Metallic materials for solid oxide fuel cells and electrolysers - Mitigating high temperature corrosion

Doctoral thesis, 2023

Solid oxide cells (SOCs) are high-temperature energy conversion devices that have great potential due to their high efficiency, low operating costs, and flexibility. SOCs can produce electricity from a variety of fuels as solid oxide fuel cells (SOFCs), and they can convert electricity to fuels as solid oxide electrolyser cells (SOECs). However, the wide-spread commercialisation of this technology is hindered by high system cost, lack of durability, and poor performance stability during long-term operation. Owing to the high-temperature operation and aggressive environment of SOCs, metallic materials used for interconnects and balance of plant (BOP) components are subject to corrosion. Interconnects are typically made of ferritic stainless steel (FSS), which forms a protective chromia scale at high temperatures. The degradation mechanisms, such as Cr (VI) evaporation and chromia scale growth, lead to electrode poisoning and increased electrical resistance, which degrade cell performance.

The primary objective of this thesis is to develop alternative materials and understand the degradative mechanisms so as to effectively reduce the costs and improve the performances of metallic materials in SOC systems. The Cr evaporation, oxide scale growth, the microstructural evolution of the oxide scale, and the area-specific resistances are investigated for the selected materials. The majority of the thesis is focused on Ce/Co coatings. Ce/Co-coated, low-cost, commercial FSS (AISI 441, AISI 430, and AISI 444) are compared to tailor-made Crofer 22 APU in air-side atmospheres. Ce/Co-coated steels are further investigated under dual-atmosphere conditions. The Ce/Co coating is compared to various coatings from research laboratories and universities world-wide. Furthermore, the underlying causes for the improvement in the oxidation resistances of FSS that occur in the presence of the reactive element Ce (in the Ce/Co coating) are investigated, and a new mechanism is proposed. Finally, a model to predict the lifetimes of the coated steels is proposed.
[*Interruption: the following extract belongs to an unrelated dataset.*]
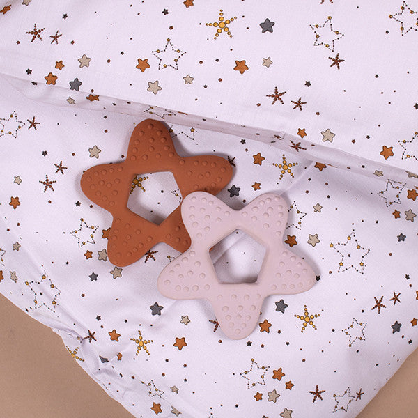 Stjernen er lavet med bløde kanter og knopper på overfladen af ​​stjernen for at hjælpe det ømme tyggegummi, som barnet kan have, og stimulere barnets taktile sind.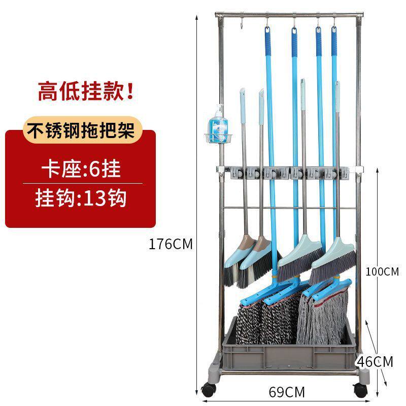 拖把架不锈钢移动阳台清洁收纳扫把卫生学校落地式商用置物架挂式

Moreover, a new coating system, the Ce/FeNi coating, is proposed as an alternative to the Ce/Co coating. The Ce/FeNi coating is found to be more effective than Ce/Co coating in reducing chromia scale growth.
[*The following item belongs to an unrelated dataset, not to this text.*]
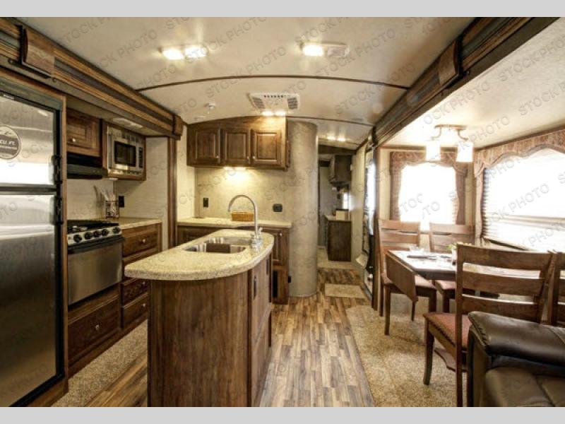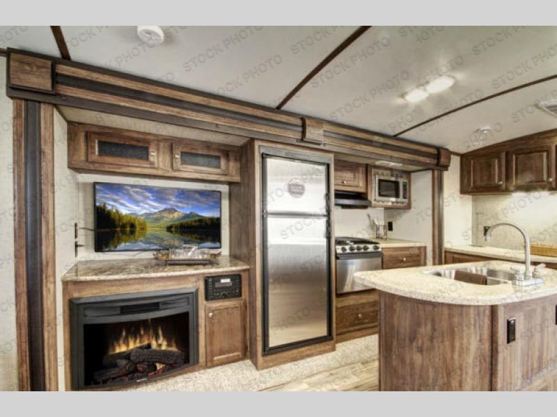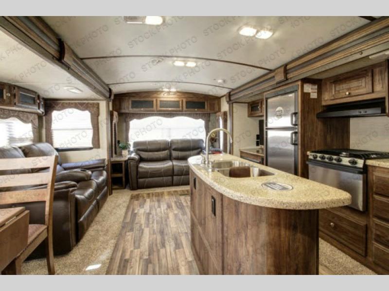 Back in the main living and kitchen space find a free standing dinette with theater seats, cup holders, and storage above, or you can choose an optional booth dinette and optional recliners. Continuing around to the rear wall find a tri-fold sleeper sofa with two end tables and storage above. The second slide in this area features an entertainment center, and the kitchen appliances. You will enjoy having extra sleeping space with the sleeper sofa for guests.

While research on metallic materials for SOC has centred on the interconnects, the metallic materials used in BOP components, which can be a significant source of volatile chromium species, have been largely neglected. Five metallic materials (AISI 441, AISI 444, A197/Kanthal® EF101, alloy 800H, and alloy 600) are examined for potential usage in BOP components. The oxidation and Cr evaporation behaviours of these materials are discussed and correlated to the observed microstructures.